Stored items
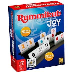 Um kit composto por dois Jogos1 - Jogo Rummikub JoyRummikub Joy é uma versão com as mesmas regras do Rummikub Clássico, porém com peças cartonadas e uma embalagem menor, deixando mais acessível a prática desse jogo de sucesso mundial.Supere seus oponentes com ótimas estratégias e movimentos precisos. Seja o primeiro a usar todas as suas peças e dizer Rummikub2 - Jogo Rummikub Joy PalavrasO Clássico Rummikub agora em uma versão com letras: o objetivo é formar palavras longas para vencer.As palavras completas podem ser colocadas na mesa, ou letras podem ser adicionadas às palavras atuais Marca: Não Informado Ean: 9900000020767
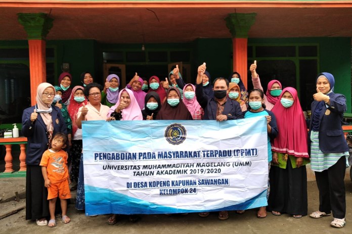 RADARSEMARANG.COM, Mungkid – Program Pemberdayaan Pada Masyarakat Terpadu (PPMT) TA 2019/2020 kelompok 24 Universitas Muhammadiyah Magelang (UNIMMA) memberikan pelatihan keterampilan budidaya jamur di Dusun Kopeng, Desa Kapuhan, Kecamatan Sawangan, Kabupaten Magelang.
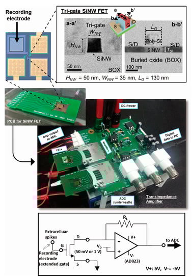 Silicon nanowire field-effect transistor and the transimpedance amplifier for the field-effect transistor FETs: Cross-sectional TEM image of the silicone nanowire (SiNW) FETs (top right); Top view of a SiNW FET and 80-µm extended recording electrode (top left); printed circuit board (PCB) for the SiNW FET wafer and the amplifier system (middle); circuit configuration for the transimpedance amplifier (bottom).
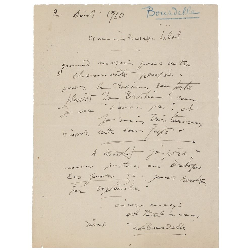 Untranslated ALS in French, signed “Ant. Bourdelle,†one page, 6 x 8, April 2, 1920. In fine condition.
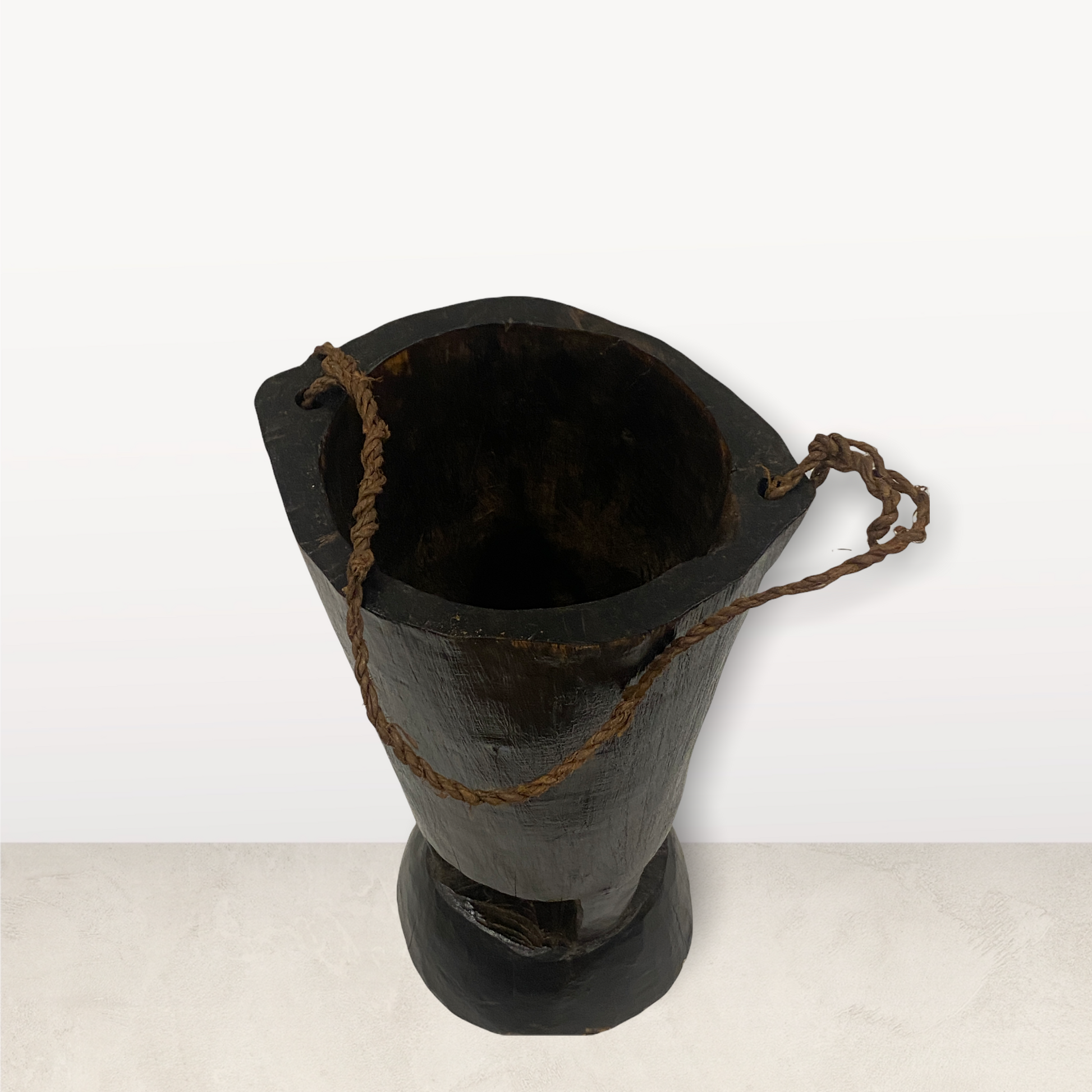 The Lozi people of Zambia are known for their basketry, rarely work in wood, but for their wooden milk jugs are sought after objects from collectors. Originally used to collect milk from cows. These particular jugs come with rope handles.
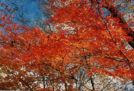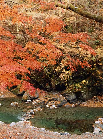 渓谷入り口の紅葉と、清んだ水 ここは釣り場です。
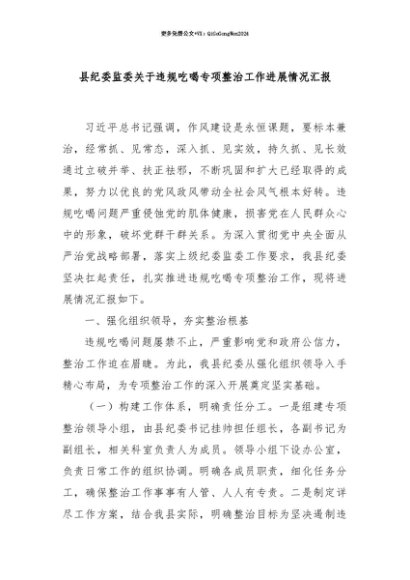 【七哥公文】2025年:【七哥公文】县纪委监委关于违规吃喝专项整治工作进展情况汇报+更多免费公文+VX:QiGeGongWen2024+更多免费公文+VX:QiGeGongWen2024
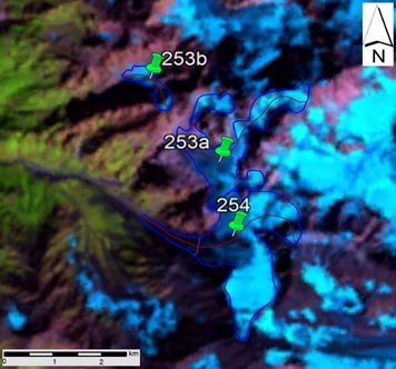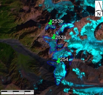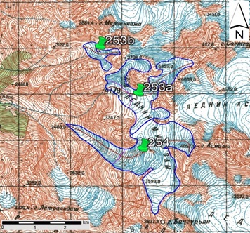 სურ. 35. №253 (მურყვამი) და №254 მყინვარების კონტურები: ა − ტოპოგრაფიული რუკის მიხედვით, ბ − Landsat 7 ETM+ სენსორის 2010 წლის 31 აგვისტოს სურათის მიხედვით, გ − Landsat 8 OLI TIRS სენსორის 2015 წლის 5 სექტემბრის სურათის მიხედვით, დ − Landsat 8 OLI TIRS სენსორის 2020 წლის 11 სექტემბრის სურათის მიხედვით.
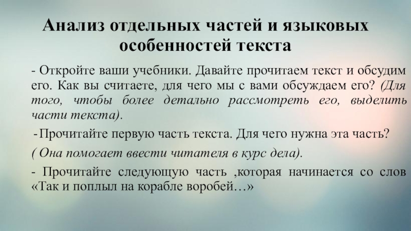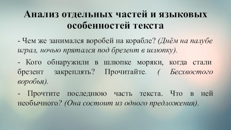 Слайд 7Анализ отдельных частей и языковых особенностей текста
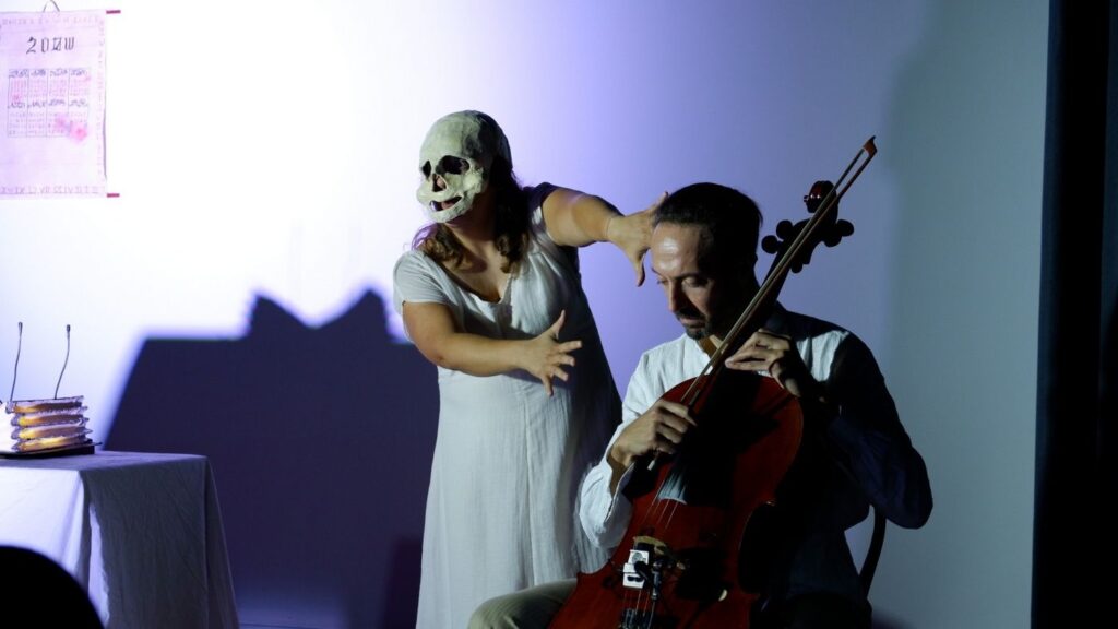 Σε έναν χώρο απομόνωσης και δημιουργίας, ένας Ποιητής συνομιλεί με μια παράδοξη παρουσία: Ένα κρανίο που μοιάζει να επιστρέφει από τη λήθη. Ανάμεσα στους δύο αναπτύσσεται ένας υπαινικτικός σκηνικός διάλογος όπου η μνήμη, η φθορά και η επιθυμία διασταυρώνονται.

--- About this exercise ---
Output, line for line and exactly, the records above from their first line through the one with "Слайд 7Анализ отдельных", both ends included, but no pictures.

--- Task output ---
 Um kit composto por dois Jogos1 - Jogo Rummikub JoyRummikub Joy é uma versão com as mesmas regras do Rummikub Clássico, porém com peças cartonadas e uma embalagem menor, deixando mais acessível a prática desse jogo de sucesso mundial.Supere seus oponentes com ótimas estratégias e movimentos precisos. Seja o primeiro a usar todas as suas peças e dizer Rummikub2 - Jogo Rummikub Joy PalavrasO Clássico Rummikub agora em uma versão com letras: o objetivo é formar palavras longas para vencer.As palavras completas podem ser colocadas na mesa, ou letras podem ser adicionadas às palavras atuais Marca: Não Informado Ean: 9900000020767
 RADARSEMARANG.COM, Mungkid – Program Pemberdayaan Pada Masyarakat Terpadu (PPMT) TA 2019/2020 kelompok 24 Universitas Muhammadiyah Magelang (UNIMMA) memberikan pelatihan keterampilan budidaya jamur di Dusun Kopeng, Desa Kapuhan, Kecamatan Sawangan, Kabupaten Magelang.
 Silicon nanowire field-effect transistor and the transimpedance amplifier for the field-effect transistor FETs: Cross-sectional TEM image of the silicone nanowire (SiNW) FETs (top right); Top view of a SiNW FET and 80-µm extended recording electrode (top left); printed circuit board (PCB) for the SiNW FET wafer and the amplifier system (middle); circuit configuration for the transimpedance amplifier (bottom).
 Untranslated ALS in French, signed “Ant. Bourdelle,†one page, 6 x 8, April 2, 1920. In fine condition.
 The Lozi people of Zambia are known for their basketry, rarely work in wood, but for their wooden milk jugs are sought after objects from collectors. Originally used to collect milk from cows. These particular jugs come with rope handles.
 渓谷入り口の紅葉と、清んだ水 ここは釣り場です。
 【七哥公文】2025年:【七哥公文】县纪委监委关于违规吃喝专项整治工作进展情况汇报+更多免费公文+VX:QiGeGongWen2024+更多免费公文+VX:QiGeGongWen2024
 სურ. 35. №253 (მურყვამი) და №254 მყინვარების კონტურები: ა − ტოპოგრაფიული რუკის მიხედვით, ბ − Landsat 7 ETM+ სენსორის 2010 წლის 31 აგვისტოს სურათის მიხედვით, გ − Landsat 8 OLI TIRS სენსორის 2015 წლის 5 სექტემბრის სურათის მიხედვით, დ − Landsat 8 OLI TIRS სენსორის 2020 წლის 11 სექტემბრის სურათის მიხედვით.
 Слайд 7Анализ отдельных частей и языковых особенностей текста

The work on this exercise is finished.